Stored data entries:
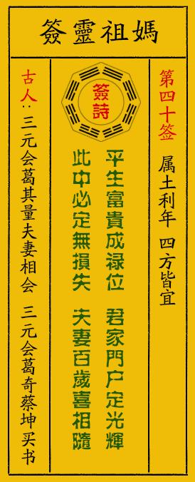【台湾北海观音明善堂】俗云:“生死有命,富贵在天。”一生只要有富贵之命,必可求得,也一定能光耀门楣。家和万事成,只要姻缘和合,夫唱妇随,一定不会有损失的。此签问求财,可顺利达到目的。问功名,有金榜题名的吉兆。问婚姻,乃和好顺利幸福良缘。问谋事,则须多下番功夫。问诉讼,以和为贵。求得此签暗示福缘俱足,问事求谋可期,应感谢天地神明恩赐,也暗示姻缘富贵已有定数,人事已对,只须要再待机缘成熟,大好姻缘指日不远。功名富贵也必能光宗耀祖。问疾病,求神渐愈,老,妇人危险。 【台湾育德妈祖同修会】古云:“生死有命,富贵在天。”平生只要有富贵之命,一定有禄位可求,也一定能光耀门楣。家和万事成,只要夫妇百年和合,夫唱妇随,一定不会有什么损失的!某君因其妻未生男,欲纳偏房,乃至妈祖庙求卜,得此签,一见“夫妻百岁喜相随”,乃作罢,家庭因而因而免于破裂,其后竟得一男,正应了“此中必定无损失”句。此签问求财,乃得顺利达到目的。问功名,有金榜题名吉兆。李君参加特种考试,夜梦乘金龙上天,不知主何吉凶,乃赴庙求签,得此签,果高中金榜,正应了前二句“平生富贵成禄位,君家门户定生辉”。此签问婚姻,乃和好顺利与幸福之良缘。问谋事,则须下一番功夫。问诉讼,以和为贵。  |
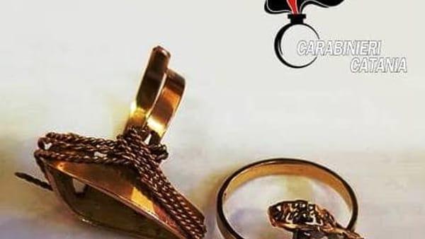 I carabinieri di Catania piazza Dante hanno denunciato un commerciante catanese di anni 32, già gravato da precedenti di polizia, e un pregiudicato catanese di anni 22, poiché ritenuti responsabili del concorso in ricettazione. Ieri sera, gli uomini del nucleo operativo nel pattugliare la zona di via Garibaldi hanno visto il 22enne, già noto per i suoi trascorsi penali, uscire da una gioielleria con fare sospetto. Bloccato e sottoposto a perquisizione personale, è stato trovato in possesso di 400 euro in contanti che, dai successivi accertamenti, gli erano stati consegnati dal titolare della oreficeria in cambio di oggetti in oro, risultati di provenienza illecita, per i quali il commerciante si era premurato di non registrarne l’entrata e le generalità del venditore. "I preziosi e il denaro sono stati sequestrati. Si pubblica la foto dei gioielli sequestrati, così da poter dare la possibilità alla vittime del furto di comprovarne la proprietà rivolgendosi nell’eventualità all’utenza telefonica 095/326666 del comando compagnia carabinieri di piazza Dante".
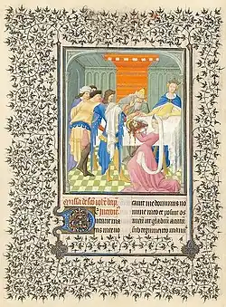 La tabla derecha es inusualmente dramática y también se desvía del relato del Evangelio. En lugar de en una prisión, la escena es mostrada en un interior palaciego.[10] En la mayoría de las representaciones hasta entonces, Salomé sostiene la bandeja vacía; aquí la cabeza ha sido colocada en el recipiente.[11] El cuerpo de Juan yace al pie de la escalera, expulsando sangre del cuello, mientras el verdugo, todavía sujetando la espada, entrega la cabeza a Salomé. Ella, según Lane, "evita su mirada", lo mismo que el verdugo, que gira la cabeza hacia la derecha. Al fondo, Salomé es mostrada presentando el despojo a su madre, la princesa Herodías, que aparece durante el Festín de Herodes.
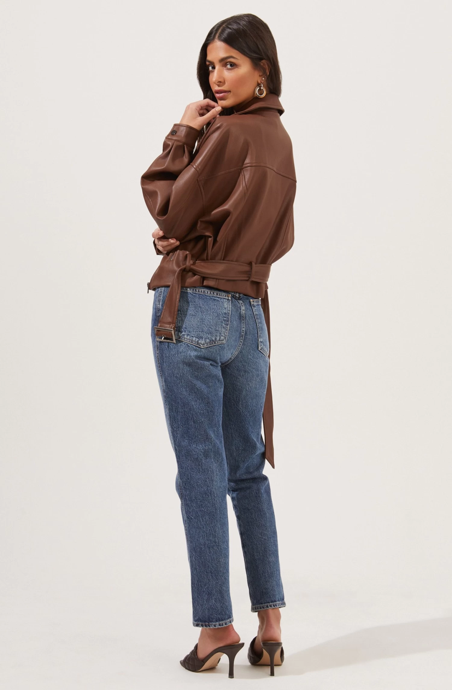 The Rubia Jacket features a faux leather construction with a notched lapel that descends to a zippered front. Long oversized sleeves with buttoned cuffs. Belted waist accent.
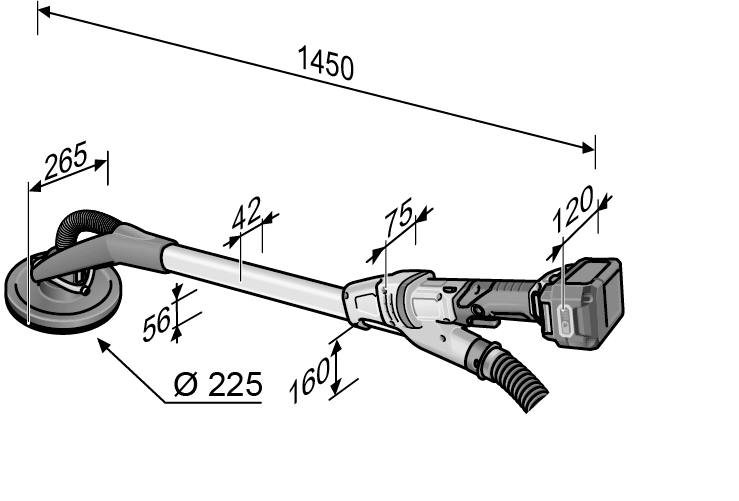 - Tête de ponçage reposant sur un cardan assure une flexibilité élevée et une adaptation optimale lors du ponçage de murs et de plafonds.
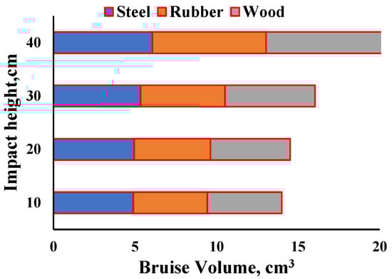 Bruise volume of fruit due to different impact heights at different impacted surfaces.
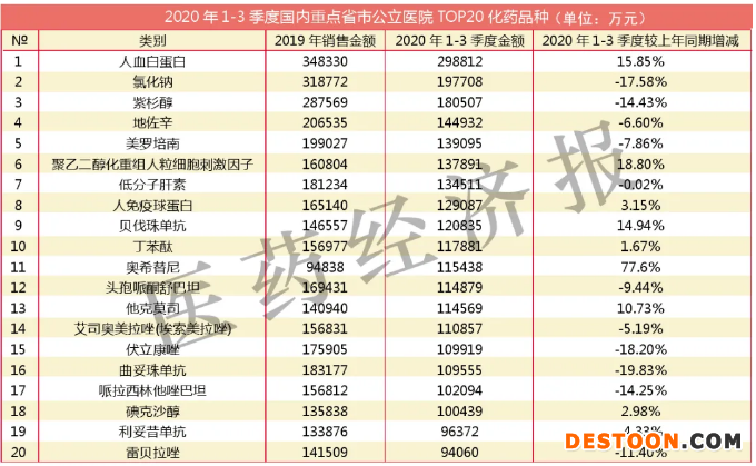 重點(diǎn)公立醫(yī)院TOP20化藥
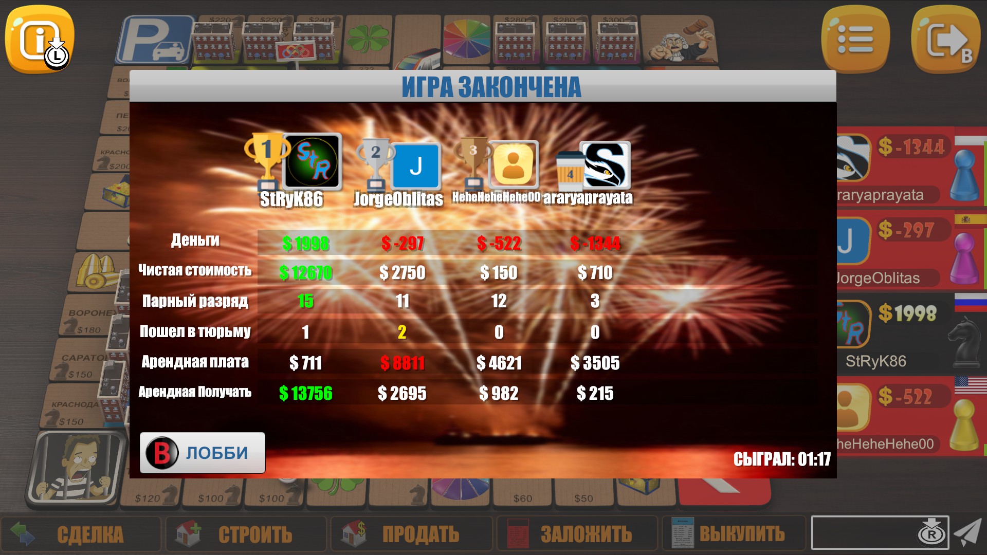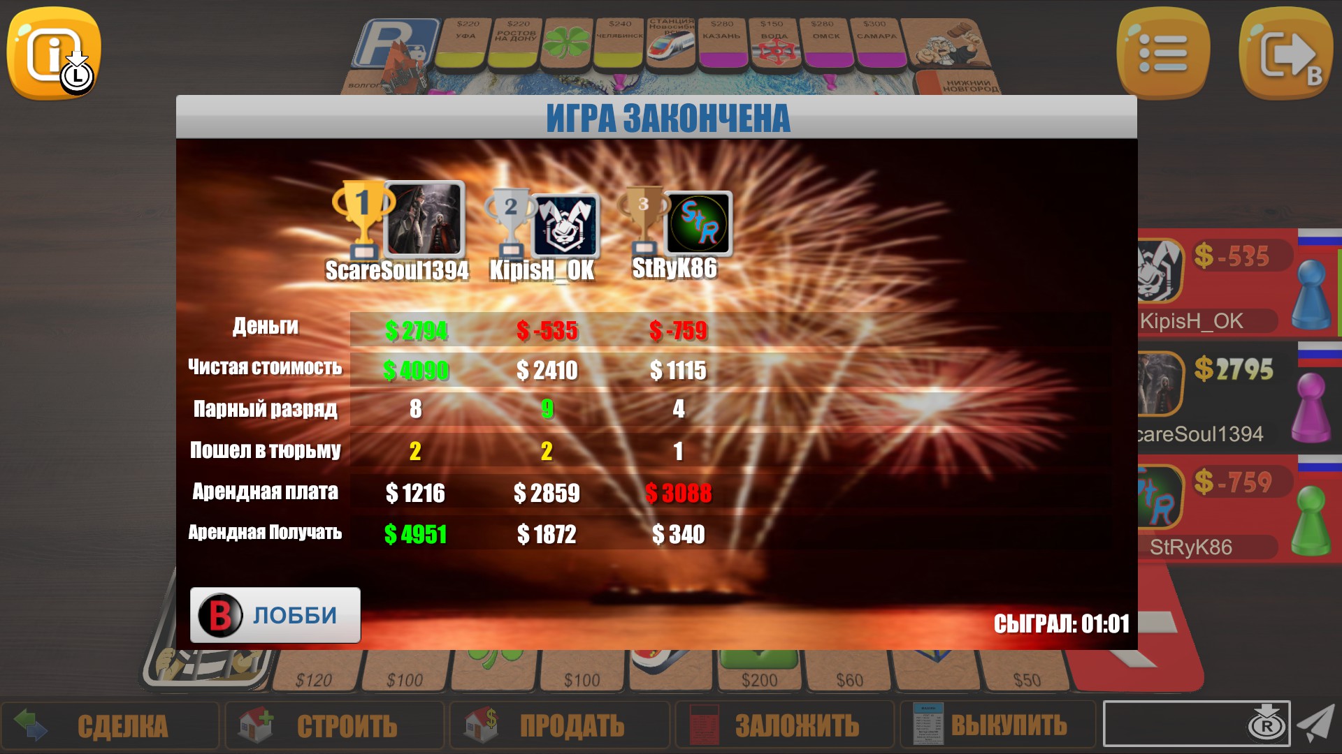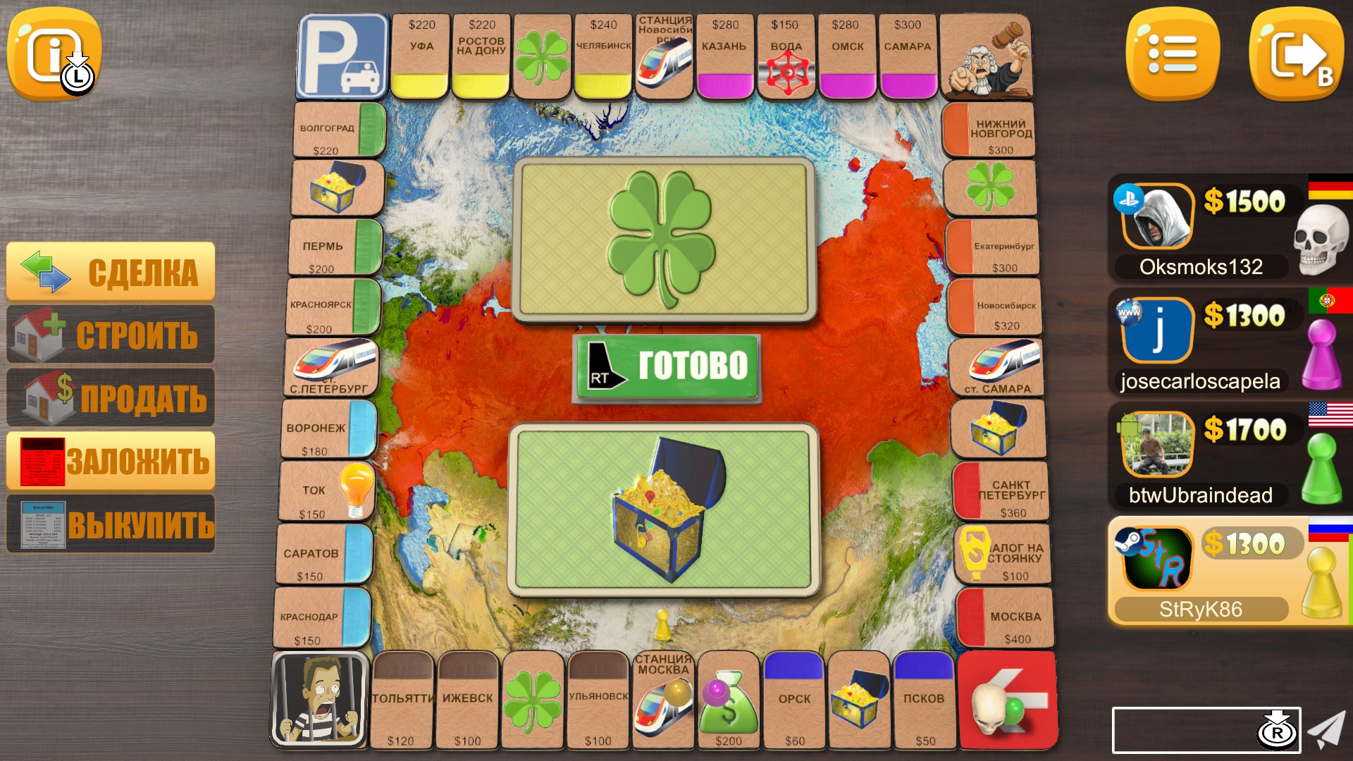 Rento is multiplayer business dice game. It is board game for 2 to 8 players. Trade lands, build houses, win auctions, roll wheel of fortune, risk in Russian Roulette and have fun.

Exercise objective => Leave out every picture, and copy exactly the lines above starting at the one holding "The Rubia Jacket" and ending at the one holding "Bruise volume of", no more and no less.

Response box =>
 The Rubia Jacket features a faux leather construction with a notched lapel that descends to a zippered front. Long oversized sleeves with buttoned cuffs. Belted waist accent.
 - Tête de ponçage reposant sur un cardan assure une flexibilité élevée et une adaptation optimale lors du ponçage de murs et de plafonds.
 Bruise volume of fruit due to different impact heights at different impacted surfaces.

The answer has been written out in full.